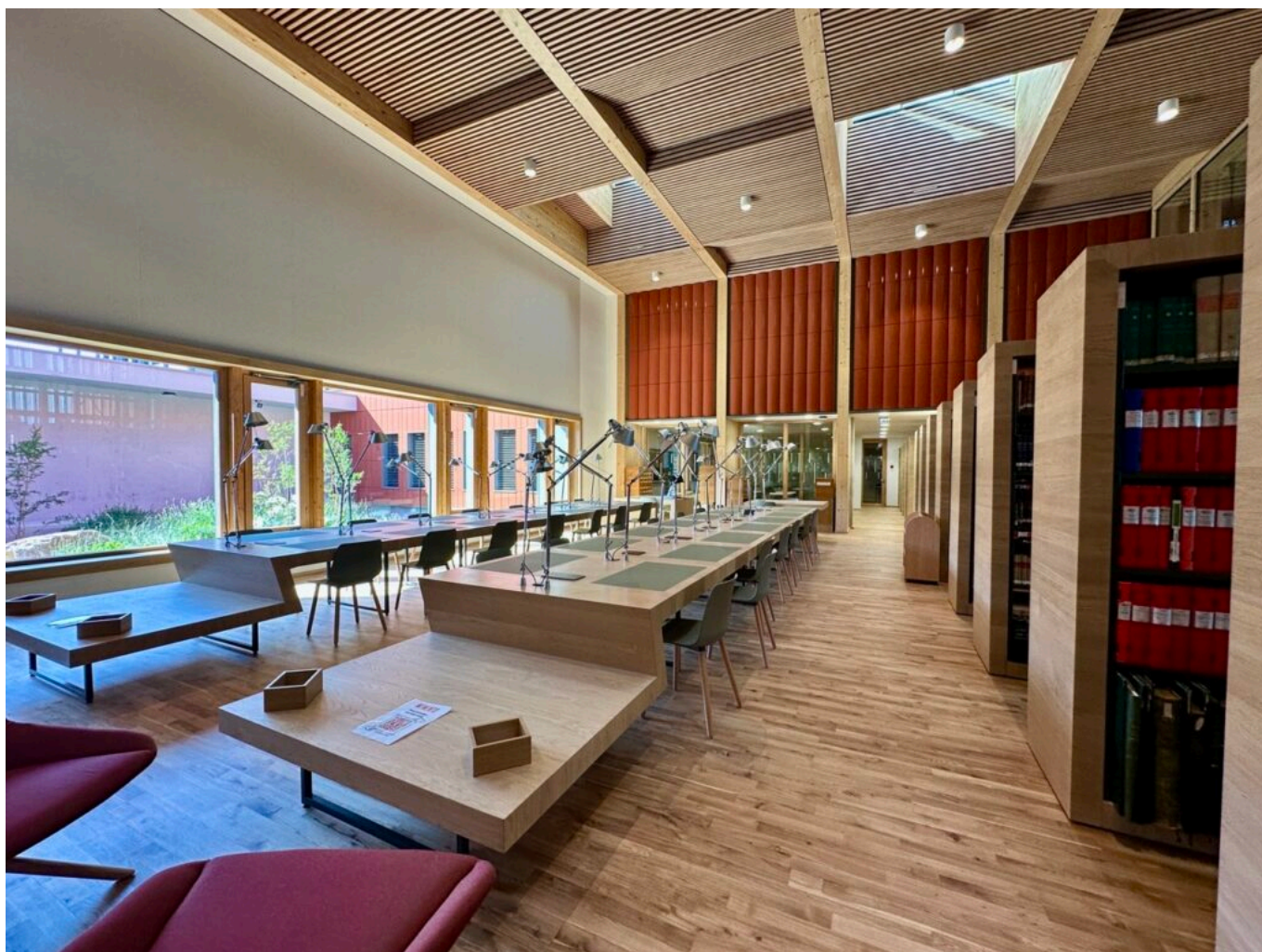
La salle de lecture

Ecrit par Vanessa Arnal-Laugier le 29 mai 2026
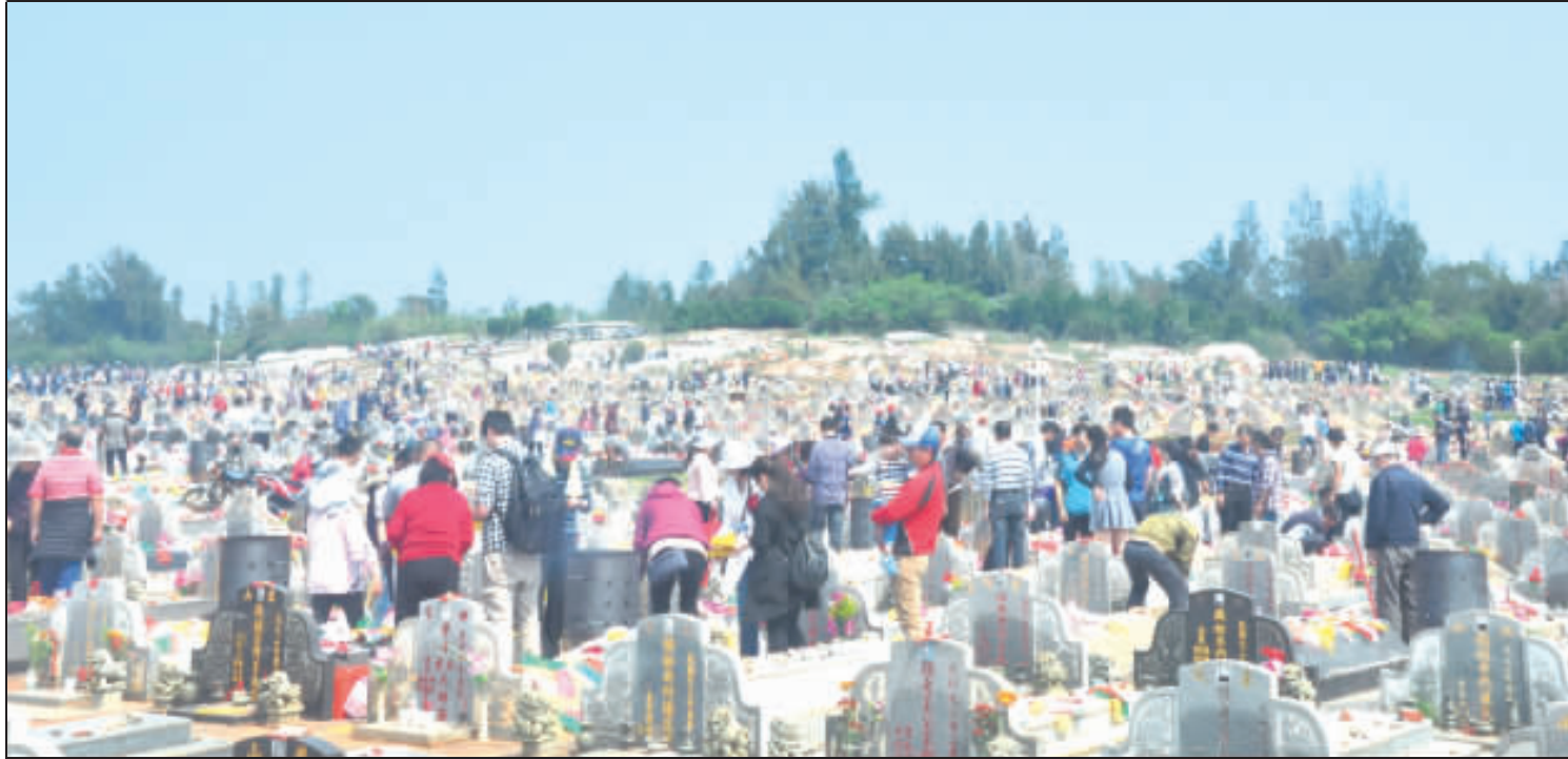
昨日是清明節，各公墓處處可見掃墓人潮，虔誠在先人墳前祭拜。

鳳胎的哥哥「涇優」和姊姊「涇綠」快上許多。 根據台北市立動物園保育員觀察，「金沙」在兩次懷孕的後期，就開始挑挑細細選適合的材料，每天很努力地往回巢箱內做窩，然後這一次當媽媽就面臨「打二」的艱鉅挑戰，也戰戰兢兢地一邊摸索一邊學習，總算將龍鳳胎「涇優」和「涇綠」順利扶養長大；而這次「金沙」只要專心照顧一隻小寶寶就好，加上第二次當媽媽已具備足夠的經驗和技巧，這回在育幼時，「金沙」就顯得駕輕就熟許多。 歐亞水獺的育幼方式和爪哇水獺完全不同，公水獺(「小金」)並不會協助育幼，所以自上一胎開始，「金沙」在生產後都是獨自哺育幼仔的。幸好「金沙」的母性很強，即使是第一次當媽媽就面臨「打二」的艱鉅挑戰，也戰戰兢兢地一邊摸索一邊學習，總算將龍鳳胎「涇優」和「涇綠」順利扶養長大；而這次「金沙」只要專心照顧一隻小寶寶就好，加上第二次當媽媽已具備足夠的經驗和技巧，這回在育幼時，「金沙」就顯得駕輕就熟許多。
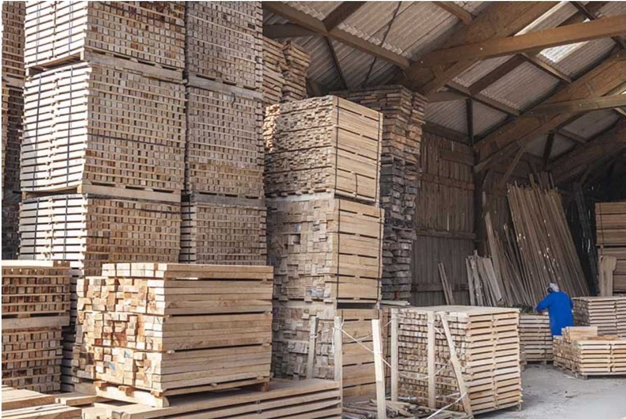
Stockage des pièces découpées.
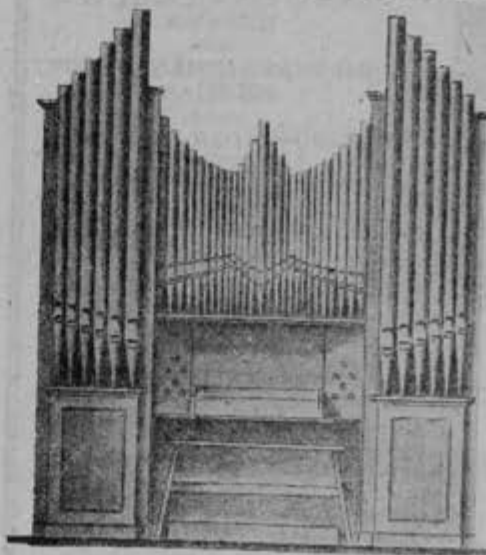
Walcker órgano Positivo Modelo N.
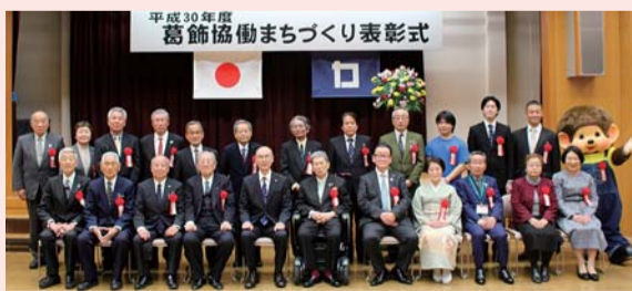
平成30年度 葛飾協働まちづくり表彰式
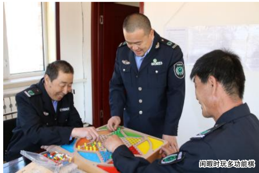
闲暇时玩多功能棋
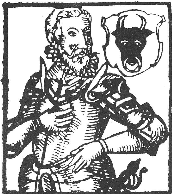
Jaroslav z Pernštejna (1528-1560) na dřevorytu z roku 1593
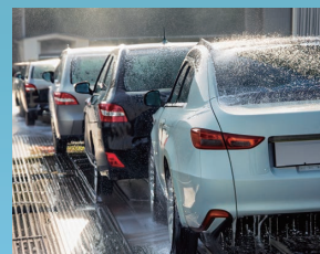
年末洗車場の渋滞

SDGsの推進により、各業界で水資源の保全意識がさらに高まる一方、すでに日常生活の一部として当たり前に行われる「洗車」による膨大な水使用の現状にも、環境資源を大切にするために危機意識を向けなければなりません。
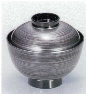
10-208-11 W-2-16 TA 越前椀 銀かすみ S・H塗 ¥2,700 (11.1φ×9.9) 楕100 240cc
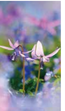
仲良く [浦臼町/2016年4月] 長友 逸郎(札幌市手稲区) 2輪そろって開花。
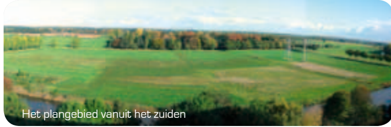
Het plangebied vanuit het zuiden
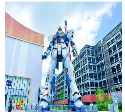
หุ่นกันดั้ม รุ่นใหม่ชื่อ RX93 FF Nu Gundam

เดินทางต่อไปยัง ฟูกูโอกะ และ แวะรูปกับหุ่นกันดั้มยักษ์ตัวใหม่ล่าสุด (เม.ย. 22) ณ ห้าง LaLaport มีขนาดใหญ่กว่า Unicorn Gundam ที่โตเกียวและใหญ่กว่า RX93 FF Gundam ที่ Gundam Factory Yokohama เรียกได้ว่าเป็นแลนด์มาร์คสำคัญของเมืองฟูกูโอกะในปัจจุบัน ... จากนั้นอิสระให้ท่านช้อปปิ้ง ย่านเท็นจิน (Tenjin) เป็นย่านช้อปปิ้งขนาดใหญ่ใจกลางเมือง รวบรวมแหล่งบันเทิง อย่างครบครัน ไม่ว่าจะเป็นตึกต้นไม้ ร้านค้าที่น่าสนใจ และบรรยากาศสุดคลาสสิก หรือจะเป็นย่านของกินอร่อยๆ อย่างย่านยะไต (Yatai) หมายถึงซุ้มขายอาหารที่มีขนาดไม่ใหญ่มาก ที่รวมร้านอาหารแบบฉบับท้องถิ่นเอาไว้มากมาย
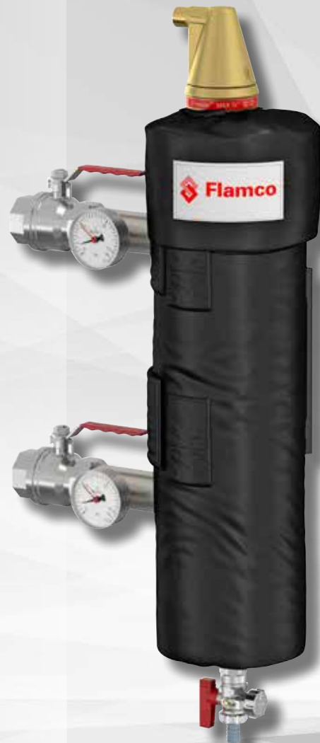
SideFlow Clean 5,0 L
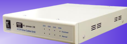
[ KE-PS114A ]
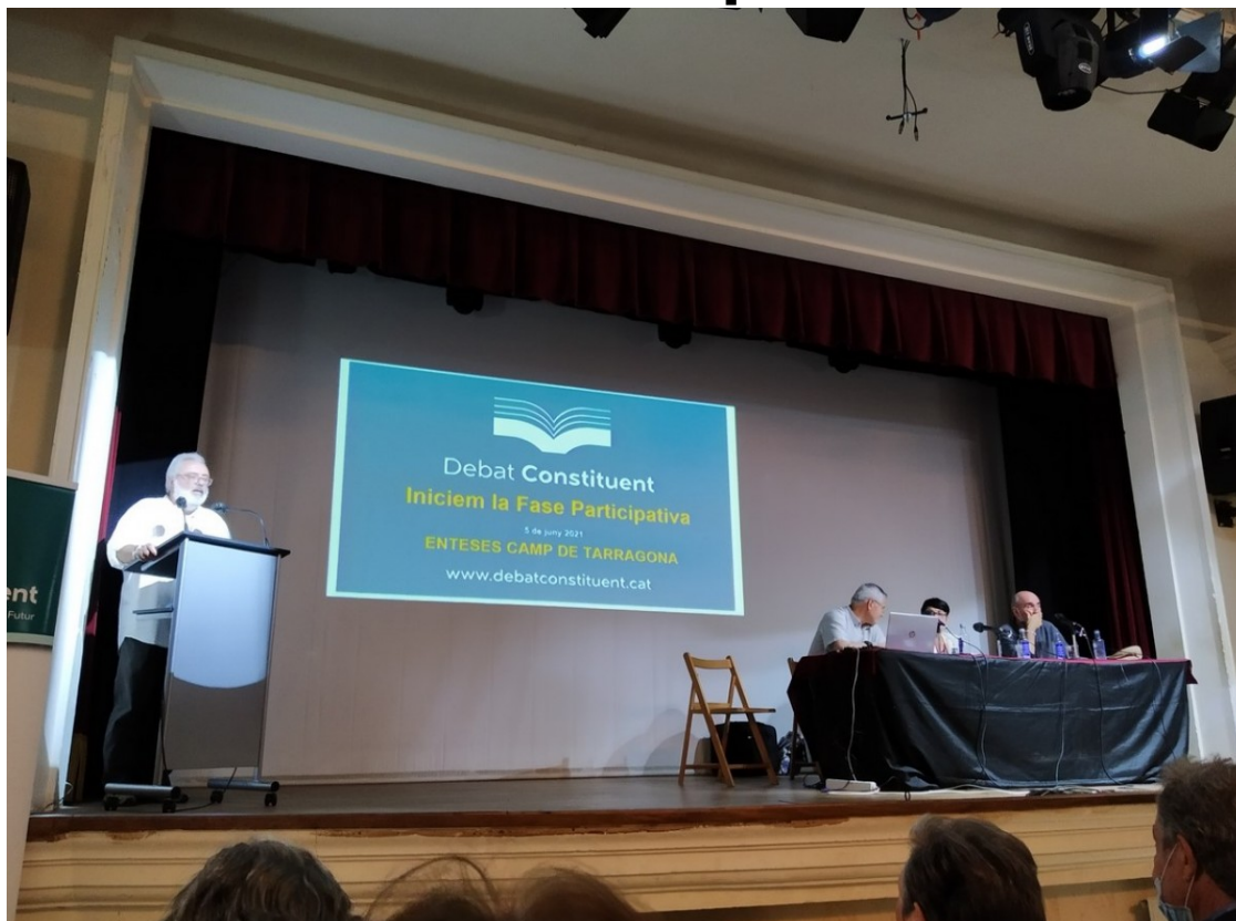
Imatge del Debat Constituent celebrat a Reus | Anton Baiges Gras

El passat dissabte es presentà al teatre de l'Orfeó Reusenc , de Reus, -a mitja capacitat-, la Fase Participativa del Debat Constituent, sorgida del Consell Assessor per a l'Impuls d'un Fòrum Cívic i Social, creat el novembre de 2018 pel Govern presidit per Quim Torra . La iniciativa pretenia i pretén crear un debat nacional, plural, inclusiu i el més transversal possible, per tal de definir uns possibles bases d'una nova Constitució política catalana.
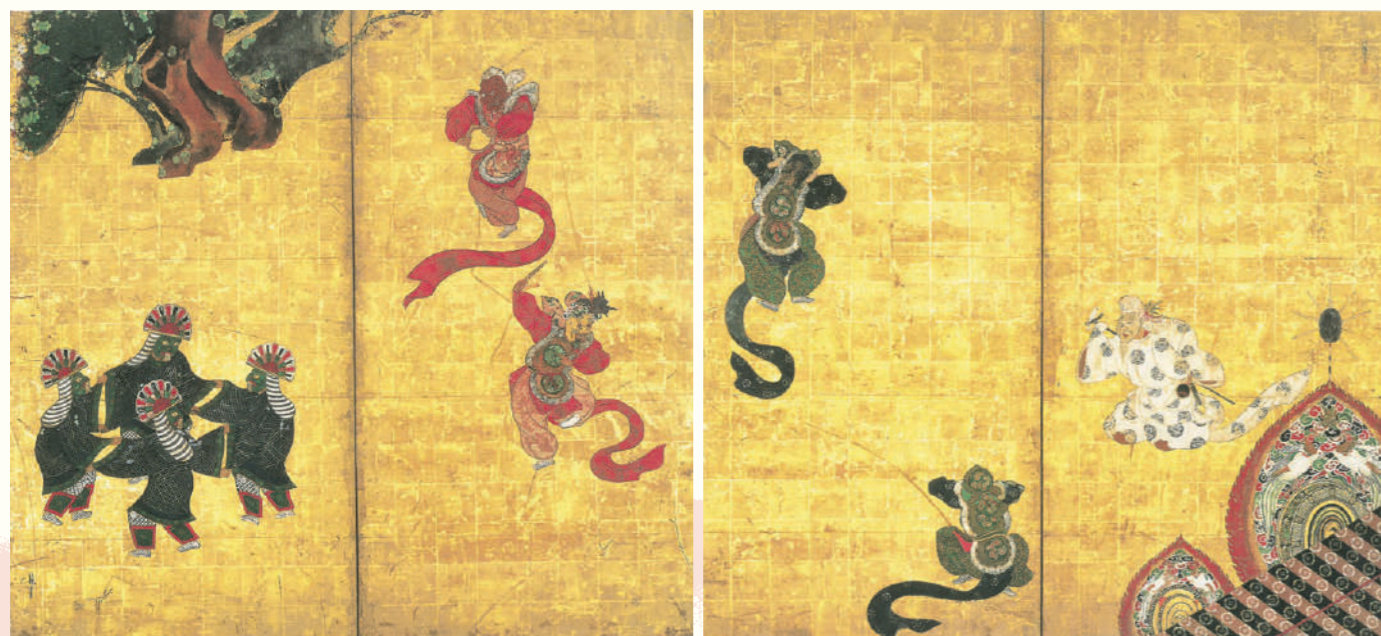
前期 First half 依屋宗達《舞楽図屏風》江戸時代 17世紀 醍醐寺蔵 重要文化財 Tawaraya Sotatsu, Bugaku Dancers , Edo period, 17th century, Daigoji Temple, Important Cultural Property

□ □ □ □ □

Starting with the line that contains "SDGsの推進により、各業界" and ending with the last line of the material, every line must be written out exactly; no other lines and no pictures are wanted.

* _FINISHED EXERCISE_
SDGsの推進により、各業界で水資源の保全意識がさらに高まる一方、すでに日常生活の一部として当たり前に行われる「洗車」による膨大な水使用の現状にも、環境資源を大切にするために危機意識を向けなければなりません。
10-208-11 W-2-16 TA 越前椀 銀かすみ S・H塗 ¥2,700 (11.1φ×9.9) 楕100 240cc
仲良く [浦臼町/2016年4月] 長友 逸郎(札幌市手稲区) 2輪そろって開花。
Het plangebied vanuit het zuiden
หุ่นกันดั้ม รุ่นใหม่ชื่อ RX93 FF Nu Gundam

เดินทางต่อไปยัง ฟูกูโอกะ และ แวะรูปกับหุ่นกันดั้มยักษ์ตัวใหม่ล่าสุด (เม.ย. 22) ณ ห้าง LaLaport มีขนาดใหญ่กว่า Unicorn Gundam ที่โตเกียวและใหญ่กว่า RX93 FF Gundam ที่ Gundam Factory Yokohama เรียกได้ว่าเป็นแลนด์มาร์คสำคัญของเมืองฟูกูโอกะในปัจจุบัน ... จากนั้นอิสระให้ท่านช้อปปิ้ง ย่านเท็นจิน (Tenjin) เป็นย่านช้อปปิ้งขนาดใหญ่ใจกลางเมือง รวบรวมแหล่งบันเทิง อย่างครบครัน ไม่ว่าจะเป็นตึกต้นไม้ ร้านค้าที่น่าสนใจ และบรรยากาศสุดคลาสสิก หรือจะเป็นย่านของกินอร่อยๆ อย่างย่านยะไต (Yatai) หมายถึงซุ้มขายอาหารที่มีขนาดไม่ใหญ่มาก ที่รวมร้านอาหารแบบฉบับท้องถิ่นเอาไว้มากมาย
SideFlow Clean 5,0 L
[ KE-PS114A ]
Imatge del Debat Constituent celebrat a Reus | Anton Baiges Gras

El passat dissabte es presentà al teatre de l'Orfeó Reusenc , de Reus, -a mitja capacitat-, la Fase Participativa del Debat Constituent, sorgida del Consell Assessor per a l'Impuls d'un Fòrum Cívic i Social, creat el novembre de 2018 pel Govern presidit per Quim Torra . La iniciativa pretenia i pretén crear un debat nacional, plural, inclusiu i el més transversal possible, per tal de definir uns possibles bases d'una nova Constitució política catalana.
前期 First half 依屋宗達《舞楽図屏風》江戸時代 17世紀 醍醐寺蔵 重要文化財 Tawaraya Sotatsu, Bugaku Dancers , Edo period, 17th century, Daigoji Temple, Important Cultural Property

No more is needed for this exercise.